Cost-Performance Trade-off: Although Sonnet 3.5 offers improved performance, its increased token usage might lead to higher costs compared to the earlier version. However, for tasks requiring higher accuracy and nuance, this trade-off will be worthwhile.
Bridging the Gap: Sonnet 3.5 closes the gap to Opus 3, offering much improved performance for the same price as the legacy model. .

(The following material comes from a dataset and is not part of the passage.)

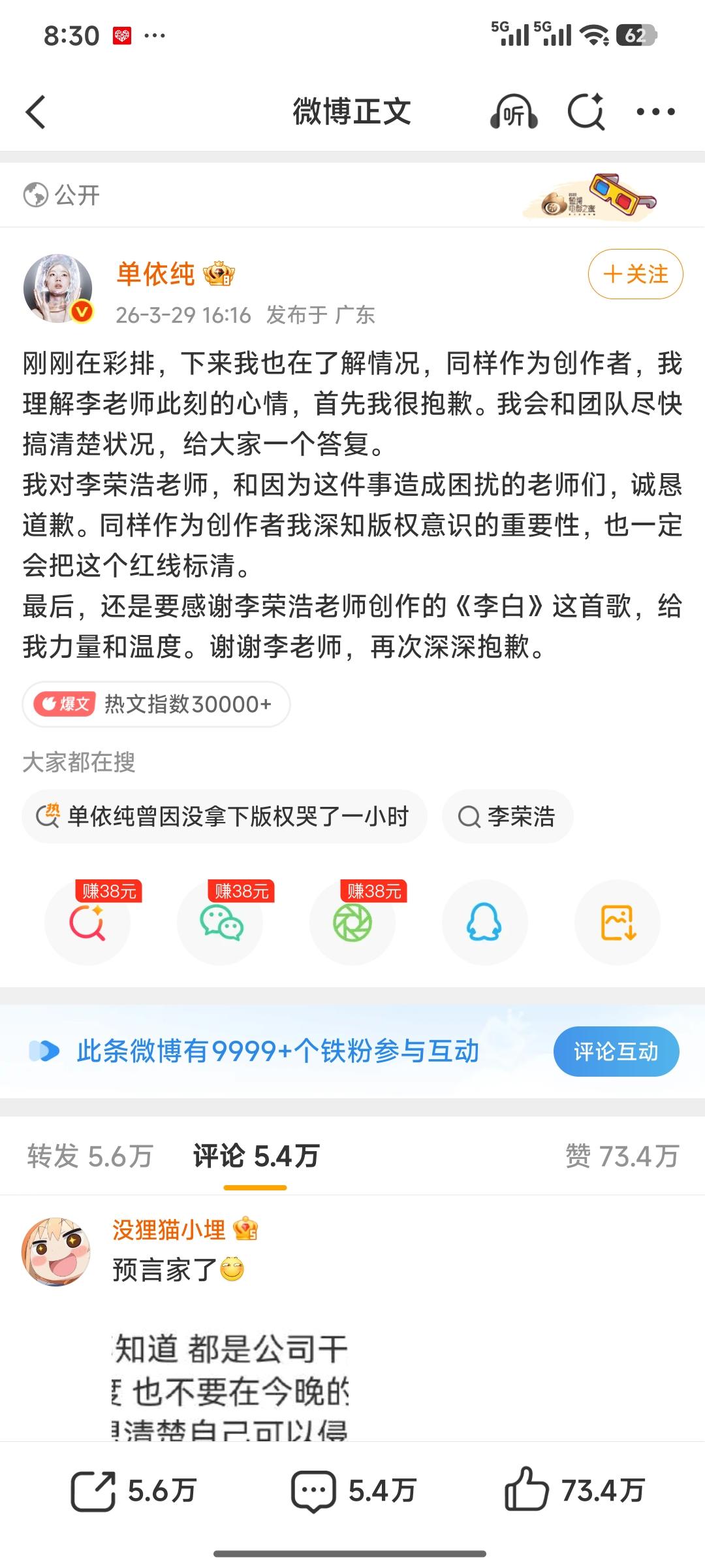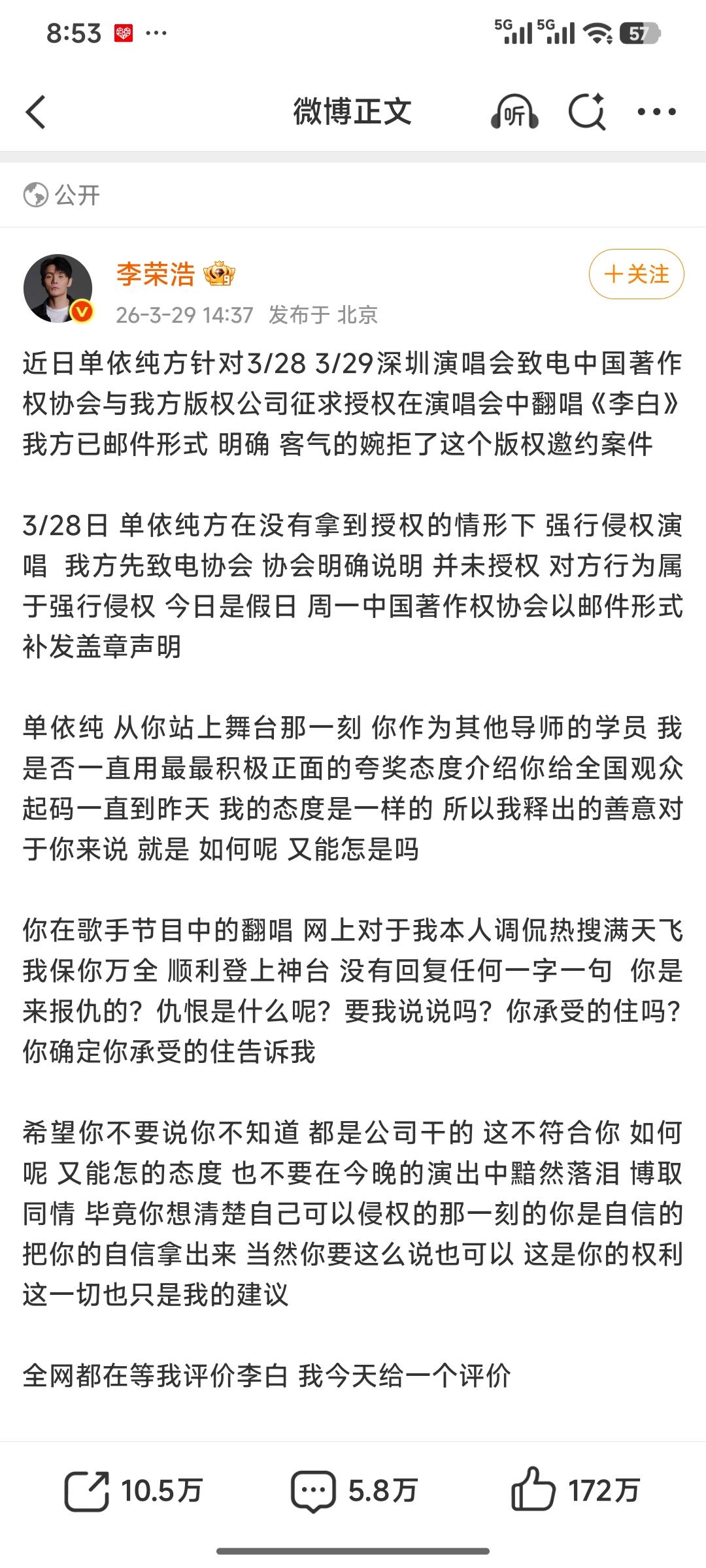 可原唱李荣浩对她一再侵权,零容忍态度,4连问,2堵截,让她不得不3道歉。

Potential for Complex Tasks: The improved performance in this casual prompting scenario suggests that Sonnet 3.5 may excel in more complex tasks such as context-sensitive customer support and orchestrating multi-step workflows, as claimed in its release notes.
Conclusion
Sonnet 3.5 demonstrates clear improvements over its predecessor in our casual prompting benchmark. It shows better differentiation between personas and increased responsiveness to system prompts, bringing its performance closer to that of Claude 3 Opus.
However, these improvements come with increased token usage, which may affect cost considerations in real-world applications. The choice between 3.5 and its counterparts will depend on the specific requirements of each use case, balancing the need for nuanced understanding against budget constraints.